[Records excerpted from a collection]
....................
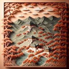 masterpiece, best quality,RAW photo, *subject*, (high detailed skin:1.2), 8k uhd, dslr, soft lighting, high quality, film grain, Fujifilm XT3,regal, high detail, fractal, 3d depth, 3D graphics with simplistic polygon shapes, intricate designs, delicate patterns, shadowbox frame, silhouette, kirigami, scherenschnitte,jianzhi,tree,(cloud:0.8),simple background,mountain,east asian architecture,The Great Wall,grass,depth of field,sky,circle focus,circle background,Pine tree,<lora:Jz:0.60>
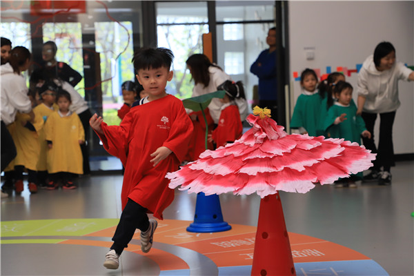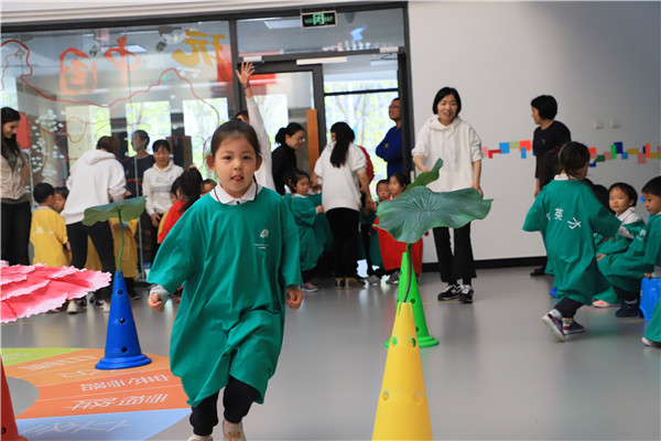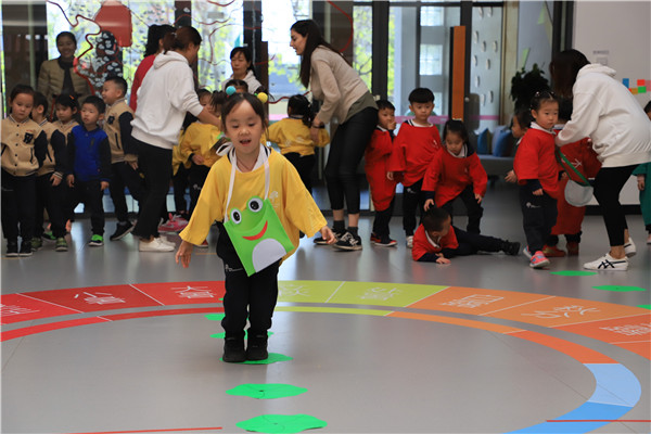 接下来是勇敢的小蝌蚪,小蝌蚪要快速地绕过小荷叶,然后快速地跑回来。
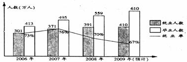 38.(32分)就业乃民生之本。面对当前严峻的经济形势,促进就业是2009年政府面临的民生最大考题,大学毕业生、困难就业群体和农民工“三大群体”的就业工作,又是2009年就业工作的重中之重。
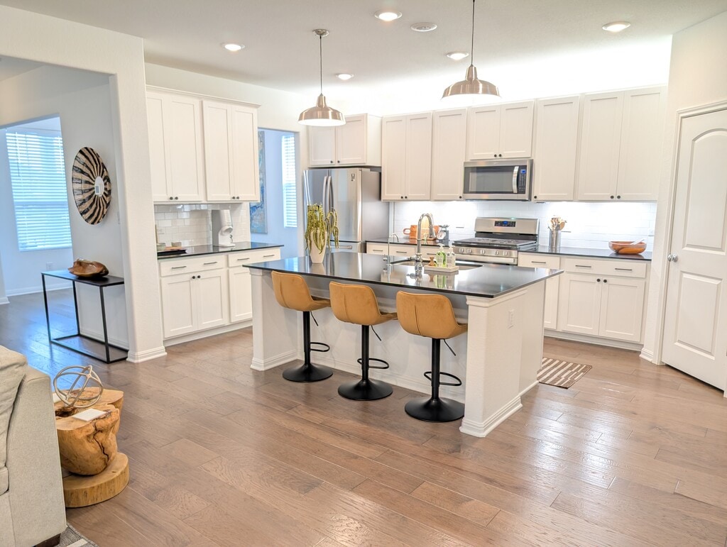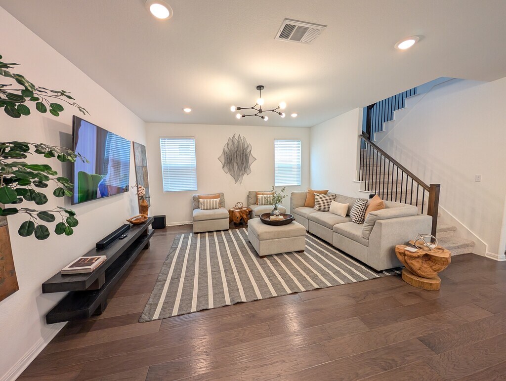 FALL IN LOVE with this move-in ready FURNISHED home! This beautifully designed home 3-bedroom, 3-bath, office/media space, 2-car garage offers a bright open floor plan. Located in Leander on a quiet street minutes from excellent schools, shopping, gyms, MetroRail and high-speed toll roads into AUSTIN. Leander is a vibrant Live-Work-Play master planned city consistently voted "The Best Places to Live", because it's the perfect blend of Texas Hill Country and hipsturbia. The Modern Farmhouse design perfectly blends Texas Hill Country living and beautiful interior spaces with its high ceilings, luxurious finishes, sleek new appliances including top-tier refrigerator/washer/dryer, attached EV-ready garage with smart phone-ready opener, and smart thermostat for comfort and efficiency! You'll enjoy the spacious front yard from your covered porch and 2nd story balcony shaded by a mature oak tree, and a fenced backyard with covered patio! You'll make lots of new friends in this vibrant family-oriented neighborhood! This is a REAL NEIGHBORHOOD! With wide streets, bike lanes, and no-thru-traffic, well lit with street lights and regulation home lighting so you are SAFE to be outside with your friends, day or night. Rear-facing garages mean everyone has relaxing PORCHES front yards designed to encourage neighbors to become friends, and real sidewalks for you to safely get to your playmates houses! Nearby there's too many fun things to do- like swimming in a beautiful Crystalline Lagoon, go to the gym, learn karate or riding horses! Too many fun food options, excellent 'No Bullies Allowed' public schools, private schools and Montessori, Play/Day Care, Gymboree, swim schools, martial arts, sports centers, tutors, equestrian centers, medical centers, services, churches/synagogue/mosques, and rapid transportation routes are nearby too! Did we mention the Crystalline Lagoon development nearby? Mocking Bird Park sub-division is NOT mega suburbia, it's the perfect place to call home! This NEW Home Offers: - SPACIOUS OPEN DESIGN. 3 Bedrooms, 3 Bathrooms, 2 car garage, plus a large Media/Game/Exercise room, and a spacious office/dining room. 2 porches on the front yard, fenced back yard.2 additional parking spaces in the private driveway plus lots of convenient on-street parking on this corner lot. - LOCATION! LOCATION ! LOCATION! Leander is a master planned community perfectly situated in the Texas Hill Country on the 'border with civilization', out in the countryside but minutes from everything and also within an easy commute via several high-speed toll roads and MetroRail that provide quick access to all parts of Austin, Pflugerville, Roundrock, including quick access to downtown, Oracle, Apple, Tesla, Boring Company, Samsung, Dell and more. You are out in the country, yet nearby markets and shopping from mom&pop stores to Costco; restaurants including top-rated Texas BBQ, fine dining and boujee wine bars; world-renowned medical centers, gyms, parks and all other services make your life easier! The lighted skate park is 1mi. away. The Tesla Charger is 3 miles with more coming. The Crystalline Lagoon is 4 mi BBQ - LIVE LIFE! PEACEFUL AND QUIET! A perfect corner lot on a quiet dead-end street. A spacious front yard with shade from a mature oak tree, a covered porch plus 2nd story balcony to relax on, and a fenced back yard with room to enjoy BBQ. Perfect for quiet enjoyment and entertaining! Mockingbird Park HOA rules are design for no parties, no noise, no drama. It's a master planned family-oriented neighborhood with no-thru-traffic, wide roads with bike lanes and sidewalks so you can safely ride their bikes, garages facing a back alley, and area parks, walking trails and schools all nearby. Close to many lakes, open-spaces, attractions, and entertainment, in the city of Leander literally voted BEST PLACES TO LIVE. The essence of what Texas has to offer. - PLAY! PLAY! PLAY! Boaters, jet-skiers, wake surfers, and sailors (YES - sailing in the heart of Texas is alive and well), enjoy nearby Lake Travis (the big one) via public shore access a short distance away! Equestrian centers are 2 miles away - YES you can learn to ride horses, you're in Texas! Enjoy the many hiking/running/biking Trails nearby. You are right in Texas Hill Country! The Crystalline Lagoon development is just 3 miles away. - MODERN FARMHOUSE design home with an open layout beautiful Energy Star rated appliances, LED lighting, sleek quartz counter tops, and hard wood cabinets enhance a modern home layout. - Engineered hardwood flooring on the main level is beautiful, easy to clean, and durable. Carpeted bedrooms are warm and comfortable. - High efficiency central AC and water heater lowers carbon footprint and energy bills, while keeping your family comfortable all year long! - Dual pane windows with Low E glass and 2" blinds throughout offer privacy, and additional energy and sound insulation. - Smart home-ready with WiFi enabled thermostat, water heater, and garage door opener. - 2 car Garage ready for your EV charger! Plus 2-spots in your private driveway and on-street parking out front and on your side street. - Data Fiber-ready for gigabit internet speed! - LED lighting throughout the home is color-matched to each room's function. It's Eco-conscious, cooler, and easier on the eyes. - Spacious bathrooms with twin vanities in master bath, rainfall shower heads, walk-in closets, and plenty of storage throughout. - LEARN AND GROW! Leander schools are some of the best in Texas. Leander ISD They offer excellent fiscal accountability, facilities, teachers, community involvement, and even Adult Learning classes! Danielson Middle School and Glenn High School are less than 1/2 mile away -you can ride a bike to school! Several elementary schools are ~1 mile away. Leander schools have great online reviews for their excellent and caring teachers and anti-bullying and anti-vaping policies. Many colleges are nearby including Austin Community Colleg
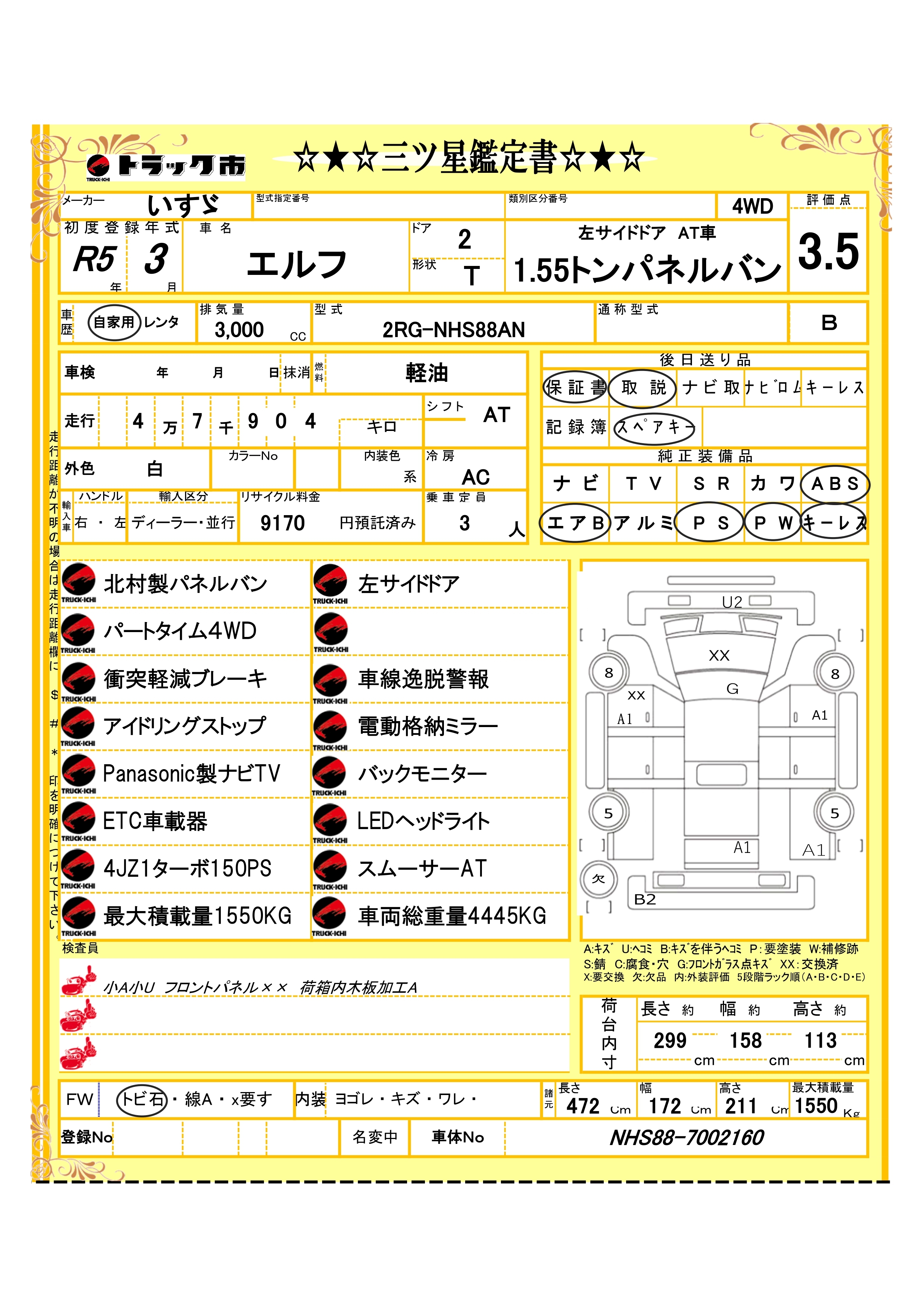 1.55トンパネルバン4WD 左サイドドア 衝突軽減ブレーキ ナビTV バックモニター AT車
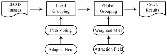 - Zou, Q.; Li, Q.; Zhang, F.; Xiong, Z.; Wang, Q. Path voting based pavement crack detection from laser range images. In Proceedings of the 2016 IEEE International Conference on Digital Signal Processing, Beijing, China, 16–18 October 2016; pp. 211–215. [Google Scholar]
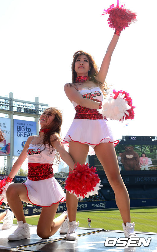 6일 오후 서울 잠실구장에서 열린 '2014 한국야쿠르트 세븐 프로야구' 두산 베어스와 KIA 타이거즈의 경기, 치어리더들이 공연을 펼치고 있다.
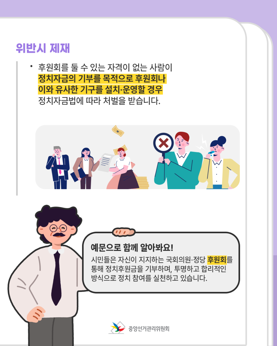후원회를 둘 수 있는 자격이 없는 사람이 정치자금의 기부를 목적으로 후원회나 이와 유사한 기구를 설치·운영한 사람은 정치작므법에 따라 처벌을 받습니다.
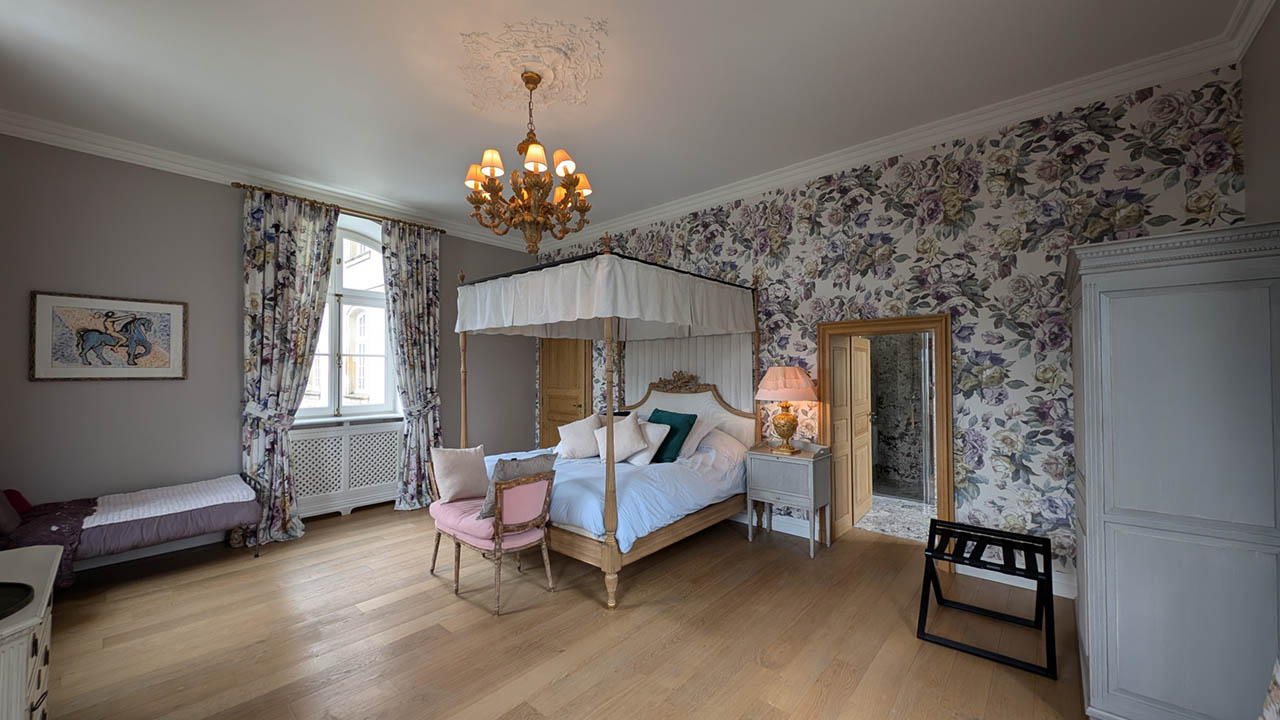La suite Grande Duchesse au Château de Berg est un chef-d'œuvre de luxe, offrant une fusion élégante de charme classique et de confort moderne. Cette chambre spacieuse de 33 m², ornée de motifs floraux et de meubles royaux, vous invite dans un monde de beauté raffinée. Les teintes douces et les draperies délicates créent une atmosphère de tranquillité, parfaite pour une escapade relaxante. Profitez du luxe d'une salle de bains privée, de la commodité du WiFi gratuit et de l'accès illimité aux espaces intérieurs opulents du château et au magnifique jardin à la française avec sa piscine accueillante.
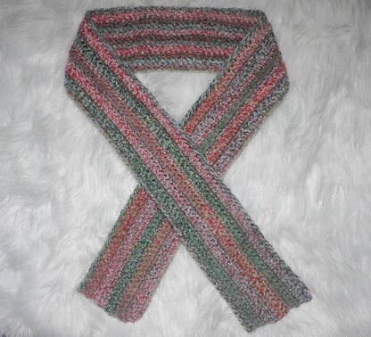 This simple crochet scarf pattern alternates rows of herringbone double crochet and single crochet to create a stitch pattern that slants like brushstrokes.
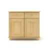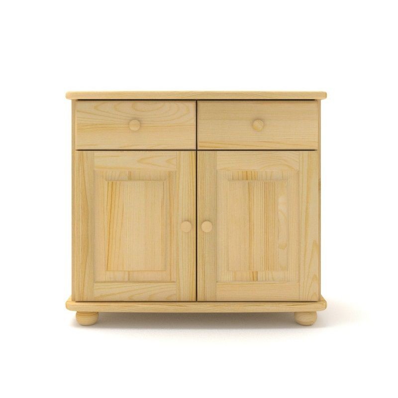 Klasyczna drewniana komoda sosnowa z dwiema szufladami i podwójnymi drzwiami z półką, wykonana z litego drewna sosnowego.
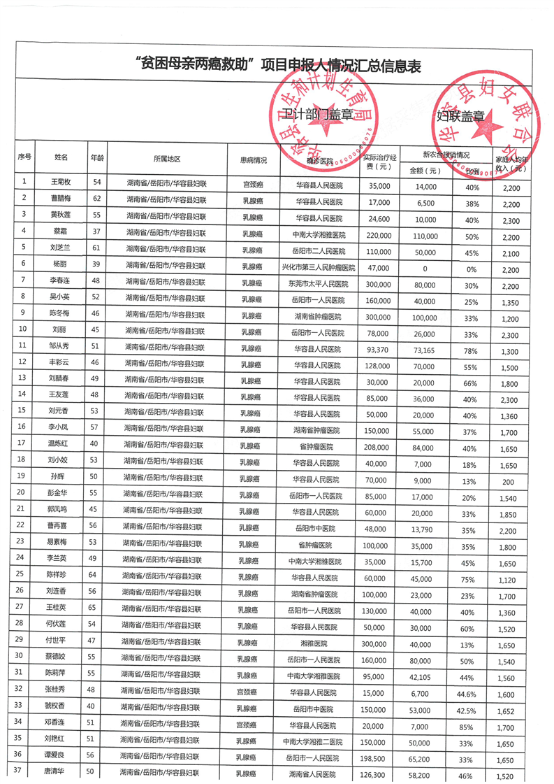 “贫困母亲两癌救助”项目申报人情况汇总信息表
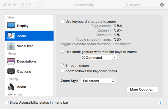 Even though you have adjusted to nice big beautiful fonts it may not be enough some times when you need to highlight and show off your solutions projects or need to highlight something small on the screen. This is where zooming comes in! Learn to master the zoom tools on both Mac and PC and you will surely impress all of your attendees. On Mac OSX, it couldn’t be easier to setup, just go into Accessibility, Zoom, and turn on zooming with a Command + 2 finger swipe in and out. Practice this though so it is a small, slow, and steady zoom so it isn’t jarring for your attendees.
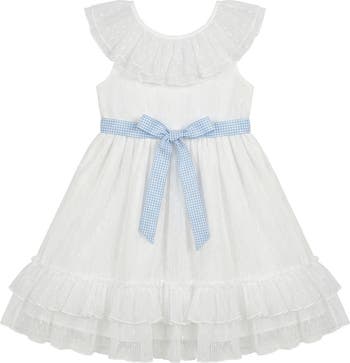Frothy layered ruffles begin the neckline of this mesh dress covered in dimensional clip dots and finished with a gingham sash.
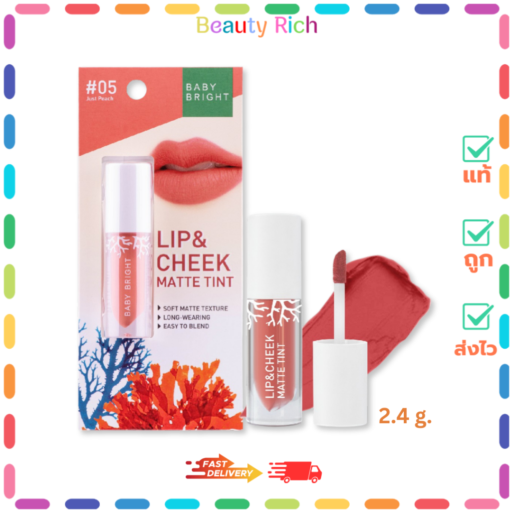 (1 แท่ง) Baby Bright ลิปแอนด์ชีคแมทท์ทินท์ #05 Just Peach (2.4 g.)
....................
_EXERCISE OBJECTIVE_. Go back to the entries above and restate word for word every line from the first through the one that contains "38.(32分)就业乃民生之", leaving the pictures behind.

_OUTPUT BELOW_.
 masterpiece, best quality,RAW photo, *subject*, (high detailed skin:1.2), 8k uhd, dslr, soft lighting, high quality, film grain, Fujifilm XT3,regal, high detail, fractal, 3d depth, 3D graphics with simplistic polygon shapes, intricate designs, delicate patterns, shadowbox frame, silhouette, kirigami, scherenschnitte,jianzhi,tree,(cloud:0.8),simple background,mountain,east asian architecture,The Great Wall,grass,depth of field,sky,circle focus,circle background,Pine tree,<lora:Jz:0.60>
 接下来是勇敢的小蝌蚪,小蝌蚪要快速地绕过小荷叶,然后快速地跑回来。
 38.(32分)就业乃民生之本。面对当前严峻的经济形势,促进就业是2009年政府面临的民生最大考题,大学毕业生、困难就业群体和农民工“三大群体”的就业工作,又是2009年就业工作的重中之重。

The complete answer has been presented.